La sua figura potrebbe richiamare quella del direttore dell’albergo di Pretty Woman interpretato da Hector Elizondo, che è il vero burattinaio del destino di Edward/Richard Gere e Vivian/Julia Roberts. Più che trait-d’union tra i protagonisti, diventa invece il punto di partenza di un film che cambia subito marcia. Dagli iniziali colori accesi e artificiali, piomba invece in una notte romana dove tutto può succedere.
Eleonora e Valerio, rispettivamente interpretati da Pilar Fogliati e Filippo Scicchitano, sono da qualche ora marito e moglie ma in realtà sembrano due estranei. Un anello, un assegno da 356 euro, un paio di sneakers. Entrambi sono ancora legati ai loro ex.

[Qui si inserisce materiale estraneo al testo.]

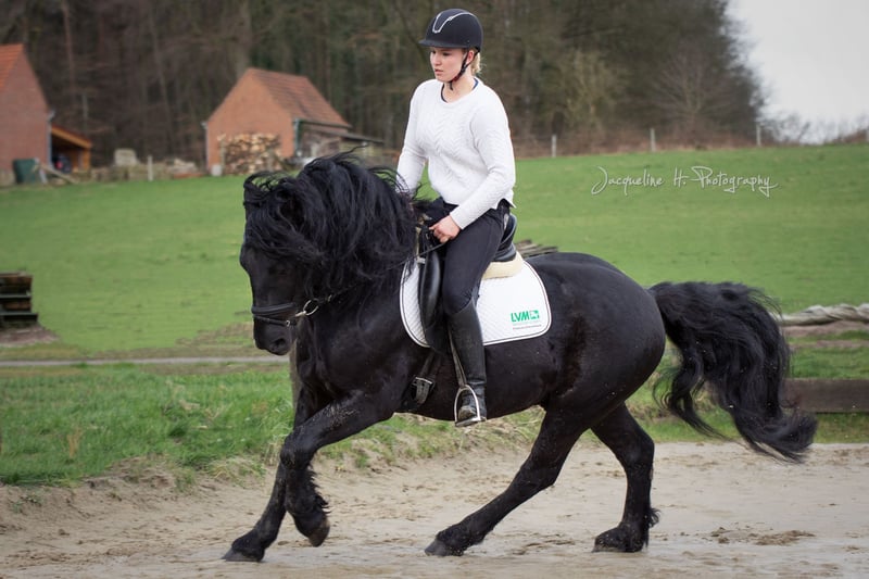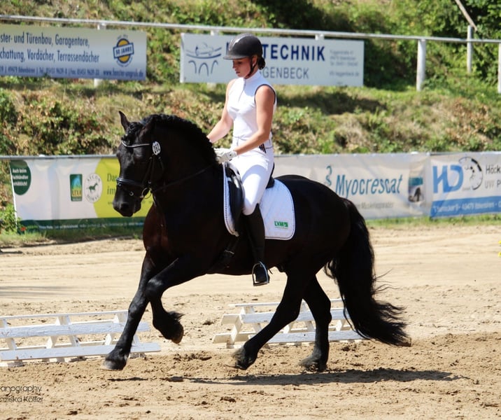 Unser 11jähriger gekörter Merens Zuchthengst steht auch dieses Jahr der Stutenwelt zum decken zur Verfügung. Kiano ist ein menschenbezogener, charakterstarker und motivierter Sportpartner. Er hat bereits Siege und Platzierungen der Klasse A vorzuweisen und wurde auch schon in der Klasse M vorgestellt. Im Training wurde mit M-Lektionen begonnen. In der täglichen Arbeit zeigt er sich sehr leichtrittig, fein an der Hand und ist immer motiviert und lernwillig. Er geht brav alleine und mit anderen Pferden ins Gelände. Diese Eigenschafften und seine Coolness gibt er auch an seine Nachkommen weiter. Seine dreijährige Tochter steht auch hier vor Ort, so das sich bei Interesse gerne ein Bild gemacht werden kann. Kiano deckt nur im Natursprung, daher ist eine aktuelle Tupferprobe erforderlich. Da wir nicht regelmäßig am Rechner sind, bitten wir um telefonische Kontaktaufnahme unter 0172/6052531.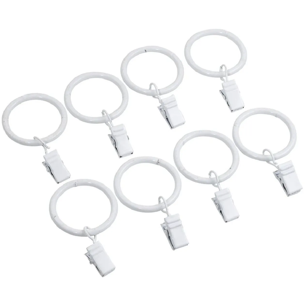 Lot de 8 anneaux à pince de couleur blanche pour suspendre vos rideaux.

Lui è un agente immobiliare, lei una tirocinante osteopata.
Proprio sulla loro diversità, sul contrasto degli opposti, forse anche sulla ricerca di loro stessi, inizia il loro lungo viaggio nella notte in cui incrociano un tassista complice e poi ostile interpretato da Francesco Pannofino, i loro rispettivi fidanzati Ester e Michele (Neva Leoni e Claudio Colica), i genitori di Valerio (Giorgio Tirabassi e Lucia Ocone) che si accorgono subito che tra loro sta succedendo qualcosa di strano, fino a una scrittrice di libri gialli portata sullo schermo da Valeria Bilello che vuole vivere sulla pelle le emozioni dei personaggi del suo prossimo lavoro.

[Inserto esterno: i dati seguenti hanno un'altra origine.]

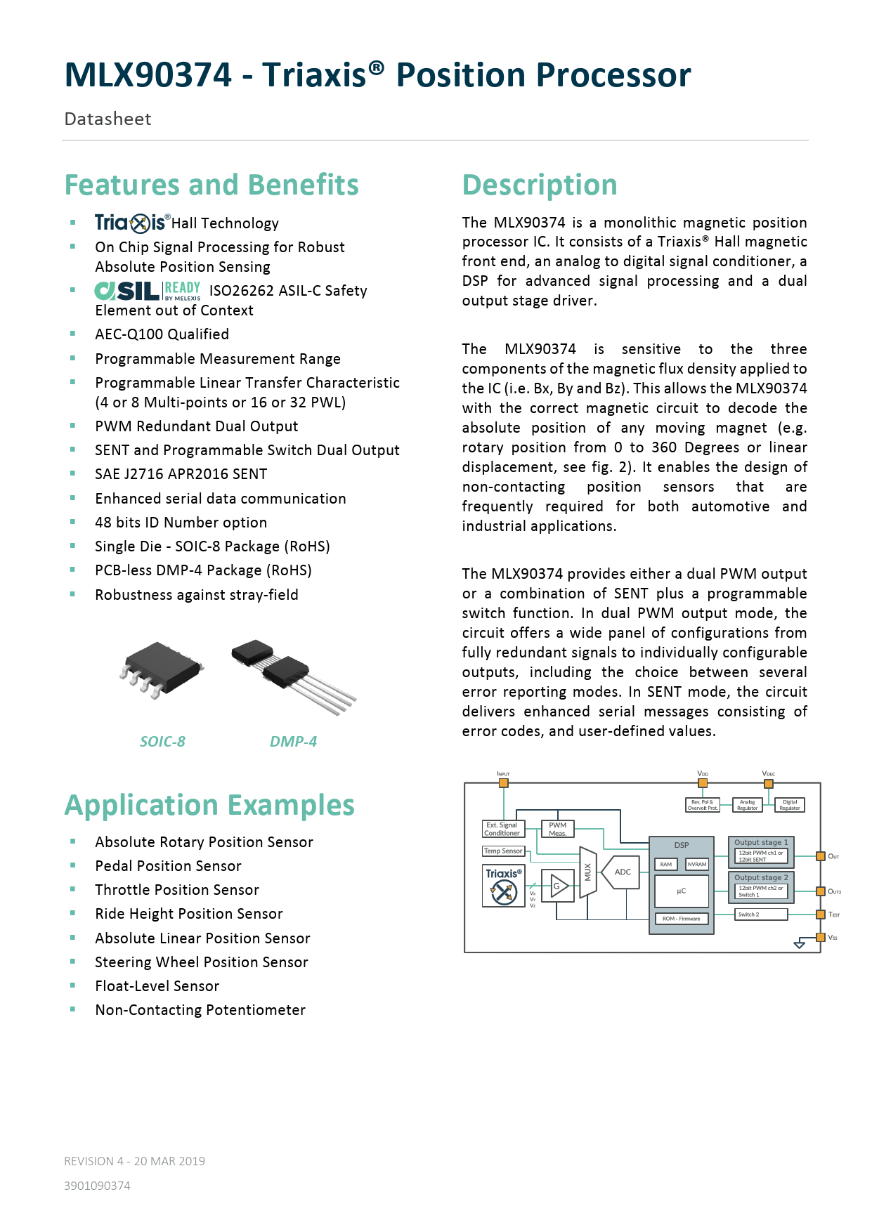 link to page 6 MLX90374 - Triaxis® Position Processor Datasheet Features and BenefitsDescription Triaxis Hal Technology The MLX90374 is a monolithic magnetic position On Chip Signal Processing for Robust processor IC. It consists of a Triaxis® Hall magnetic Absolute Position Sensing front end, an analog to digital signal conditioner, a DSP for advanced signal processing and a dual ISO26262 ASIL-C Safety Element out of Context output stage driver. AEC-Q100 Qualified The MLX90374 is sensitive to the three Programmable Measurement Range components of the magnetic flux density applied to Programmable Linear Transfer Characteristic the IC (i.e. Bx, By and Bz). This allows the MLX90374 (4 or 8 Multi-points or 16 or 32 PWL) with the correct magnetic circuit to decode the PWM Redundant Dual Output absolute position of any moving magnet (e.g. SENT and Programmable Switch Dual Output rotary position from 0 to 360 Degrees or linear SAE J2716 APR2016 SENT displacement, see fig. 2). It enables the design of non-contacting position sensors that are Enhanced serial data communication frequently required for both automotive and 48 bits ID Number option industrial applications. Single Die - SOIC-8 Package (RoHS) PCB-less DMP-4 Package (RoHS) The MLX90374 provides either a dual PWM output Robustness against stray-field or a combination of SENT plus a programmable switch function. In dual PWM output mode, the circuit offers a wide panel of configurations from fully redundant signals to individually configurable outputs, including the choice between several error reporting modes. In SENT mode, the circuit delivers enhanced serial messages consisting of error codes, and user-defined values. SOIC-8DMP-4Application Examples Absolute Rotary Position Sensor Pedal Position Sensor Throttle Position Sensor Ride Height Position Sensor Absolute Linear Position Sensor Steering Wheel Position Sensor Float-Level Sensor Non-Contacting Potentiometer REVISION 4 - 20 MAR 2019 3901090374 Document Outline Features and Benefits Application Examples Description Ordering Information 1. Functional Diagram and Application Modes 2. Glossary of Terms 3. Pin Definitions and Descriptions 3.1. Pin Definition for SOIC-8 package 3.2. Pin Definition for DMP 4. Absolute Maximum Ratings 5. General Electrical Specifications 6. Timing Specification 6.1. General Timing Specifications 6.2. Timing Modes 6.2.1. Continuous Asynchronous Acquisition Mode 6.2.2. Continuous Synchronous Acquisition Mode 6.3. Timing Definitions 6.3.1. Startup Time 6.3.1.1. Normal Startup 6.3.1.2. Safe Startup 6.3.1.3. Startup phase in PWM mode 6.3.2. Latency (average) 6.3.3. Step Response (worst case) 6.4. PWM timing specifications 6.5. SENT timing specifications 7. Magnetic Field Specifications 7.1. Rotary Stray-field Immune Mode (-100 code) 7.2. Linear Stray-field Immune (-200 code) 7.3. Standard/Legacy Mode (-300 code) 8. Accuracy Specifications 8.1. Definition 8.1.1. Intrinsic Linearity Error 8.1.2. Total Angle Drift 8.2. Rotary Stray-field Immune (-100 code) 8.2.1. Nominal Performance 8.2.2. Limited Performances 8.3. Linear Stray-field Immune Mode (-200 code) 8.3.1. Nominal Performances 8.3.2. Limited Performances 8.4. Standard/Legacy Mode (-300 code) 8.4.1. Nominal Performances 8.4.2. Limited Performances 9. Memory Specifications 10. Digital output protocol 10.1. PWM (pulse width modulation) 10.1.1. Definition 10.1.2. PWM performances 10.2. Single Edge Nibble Transmission (SENT) SAE J2716 10.2.1. Sensor message definition 10.2.2. Sensor message frame contents 10.2.3. Single secure sensor A.3 10.2.4. Dual Throttle position sensor A.1 10.2.5. Start-up behaviour 10.2.6. SENT Output Timing configuration 10.2.7. Serial message channel (slow channel) 10.2.8. Serial Message Error Code 10.2.9. SENT configuration shorthand definition 11. End-User Programmable Items 11.1. End User Identification Items 12. Description of End-User Programmable Items 12.1. Sensor Front-End 12.1.1. SENSING MODE 12.1.2. GAINMIN and GAINMAX Parameters 12.2. Sensor DSP Configuration 12.2.1. Discontinuity Point (or Zero Degree Point) 12.2.2. CW (Clockwise) Parameter 12.2.3. Filter 12.2.3.1. FIR Filter 12.2.3.2. Exponential Moving Average (IIR) Filter 12.2.4. WORKING_RANGE Parameter for Angle Range Selection 12.2.5. WORK_RANGE_GAIN Parameter for Angle Range Selection 12.2.6. Piecewise Linear Transform 12.2.6.1. 4-Pts LNR Parameters 12.2.6.2. 8-Pts LNR Parameters 12.2.6.3. 17-Pts LNR Parameters 12.2.6.4. 32-Pts LNR parameters 12.2.7. Scaling Parameter 12.2.8. Thermal offset correction - OUTSLOPE 12.2.9. Second Output Gain and Offset Parameters 12.2.10. CLAMPING Parameters 12.3. Selection of Output modes 12.3.1. Digital Output Protocol (PROTOCOL) 12.3.2. PWM Output Polarity and Frequency 12.3.3. PWM Redundant Output 12.3.4. Dual PWM fault Reporting Mode 12.3.5. OUT mode (ABE_OUT_MODE) 12.3.6. SENT Serial Channel Configuration - Status and Communication Nibble 12.3.7. Switch Function (Kickdown) 12.4. Programmable Diagnostics Settings 12.4.1. Diagnostics Global Enable 12.4.2. Diagnostic Debouncer 12.4.3. Over/Under Temperature Diagnostic 12.4.4. PWM Diagnostic 13. Functional Safety 13.1. Safety Manual 13.2. Safety Mechanisms 14. Recommended Application Diagrams 14.1. Wiring with the MLX90374 in SOIC-8 Package 14.2. Wiring with the MLX90374 in DMP-4 Package (built-in capacitors) 15. Standard information regarding manufacturability of Melexis products with different soldering processes 16. ESD Precautions 17. Package Information 17.1. SOIC-8 - Package Dimensions 17.2. SOIC-8 - Pinout and Marking 17.3. SOIC-8 - Sensitive spot positioning 17.3.1. Rotary Stray-field Immune and Standard Mode Applications 17.3.2. Linear Stray-field Immune Applications 17.4. SOIC-8 - Angle detection 17.5. DMP-4 - Package Outline Dimensions (POD) STD1 1.27 17.6. DMP-4 - Package Outline Dimensions (POD) STD3 2.00 17.7. DMP-4 - Marking 17.8. DMP-4 - Sensitive Spot Positioning 17.8.1. Rotary Stray-field Immune or Standard Mode Ap

Al suo secondo lungometraggio dopo La svolta, Riccardo Antonaroli racconta ancora una solitudine esistenziale e lo fa principalmente attraverso le figure dei due protagonisti. Finché notte non ci separi è il remake dell’israeliano Honeymood di Talya Lavie e ne ricalca la storia, in quel caso ambientata a Gerusalemme. Al tempo stesso però condivide con il film d’esordio del regista quella dimensione straniata in cui attraversa i generi senza però farsi ingabbiare dalla loro struttura. Per questo, per chi non ha visto l’originale, ha dei risvolti spesso imprevisti.
Gioca su equivoci e malintesi propri della commedia sentimentale ma lascia anche deambulare i personaggi come nella scena del monopattino o sulle note di The Dream to Contemplate. Non sono ancora capaci di liberarsi del loro passato ma non riescono ancora a mettere a fuoco il loro futuro. Come nel caso di La svolta, è riduttivo inquadrare Finché notte non ci separi come esempio di cinema italiano generazionale.

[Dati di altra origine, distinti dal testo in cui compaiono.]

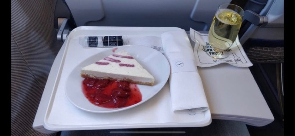 In der Businessclass bietet die Lufthansa (genaugenommen war es in diesem Fall die Cityline) an Bord immer einen freien Nebensitz und auch auf kurzen Strecken einen Imbiss mit Getränken. Obwohl ich diese Tage von Engpässen bei der LSG (dem hauseigenen Cateringbetrieb der LH) gelesen habe gab es auf diesem Flug keine Einschränkungen und ich erfreute mich an einem Käsekuchen mit Erdbeeren und einem Glas Winzersekt.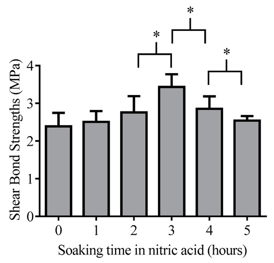 Statistical analysis for SBS and contact angle data were performed using Student’s t-test with SPSS 17.0 software (IBM, Armonk, NY, USA). All of the tests’ accuracies were set at a significance level of 0.05.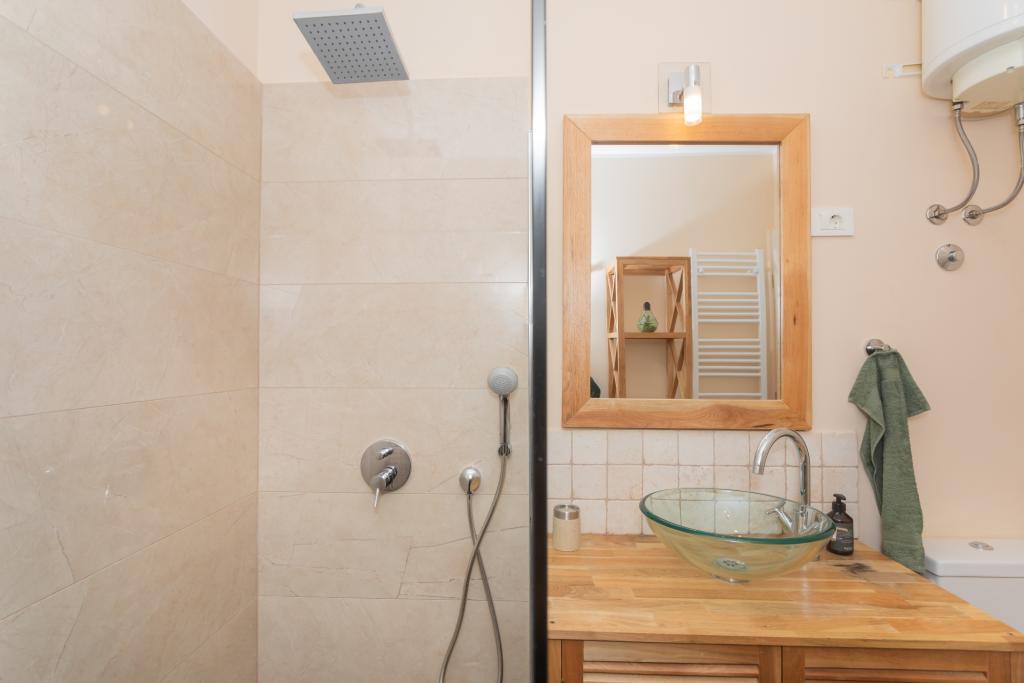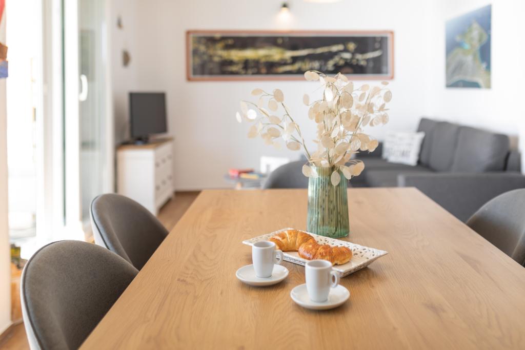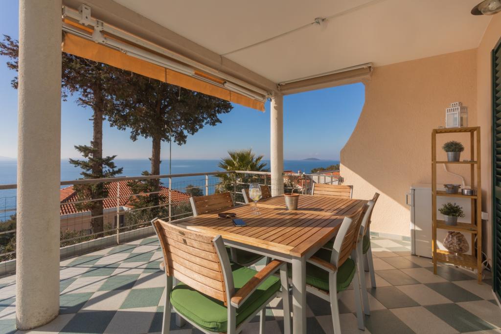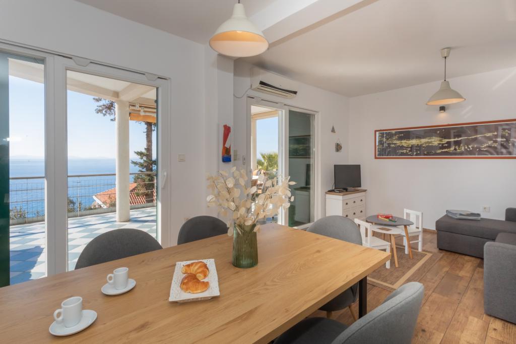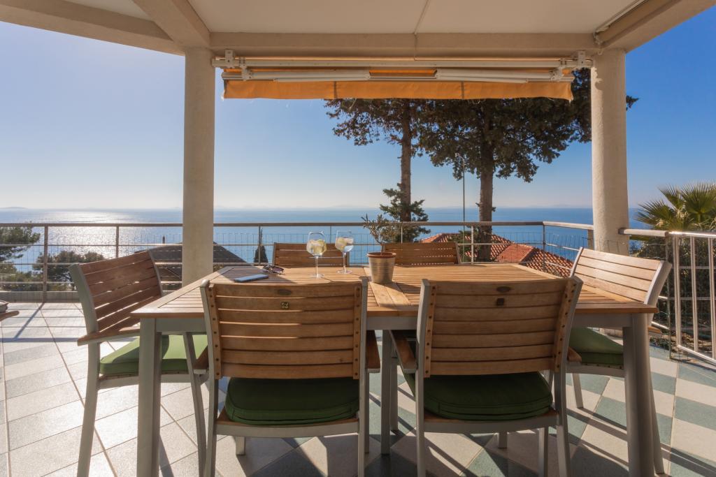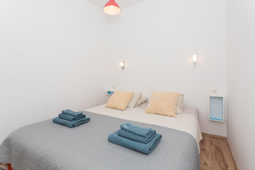 Apartament modern echipat, cu o vedere frumoasă la mare, la doar 40 m de mare, cu o suprafață de 65 m2. Apartamentul are două dormitoare pentru 4 persoane plus un pat suplimentar pentru o persoană, baie, living, bucătărie și sufragerie și o terasă frumoasă de aproape 25 m2. Apartamentul este situat la primul etaj al casei și este dotat cu TV/sat, PS 4, wi-fi, aer condiționat, încălzire, cuptor, fierbător, aparat de cafea, mașină de spălat vase, mașină de spălat rufe. Apartamentul are un grătar și o bucătărie de vară în fața intrării. Parcarea este asigurată și inclusă în preț. Apartamentul în sine este situat într-o zonă foarte liniștită din Murter, la 1100 m de centrul orașului, la 40 m de mare și plaja stâncoasă, la 300 m de plaja cu nisip și pietriș Čigrađa și la aproximativ 800 m de plaja cu nisip Slanica.

Probabilmente il film di Antonaroli, scritto da Roberto Cimpanelli, Giulia Magda Martinez e Susanna Paratore, punta prima di tutto a seguire il destino dei suoi due personaggi in cui Pilar Fogliati e Filippo Scicchitano hanno trovato la giusta intesa. Comincia inoltre dove molte commedie finiscono; all’inizio i due sposi sono infatti mostrati di spalle. Da lì parte per un lungo viaggio, che è anche lo stesso di un cinema che ha come obiettivo quello di percorrere delle strade meno battute, pur affidandosi comunque a una struttura narrativa definitiva che emerge anche da dialoghi come “Per fare le battute non basta essere ebrei, devi essere Woody Allen” con cui conserva comunque il ritmo da commedia.
La dimensione onirica potrebbe prendere il sopravvento sulla componente realistica. E se fosse soltanto un sogno?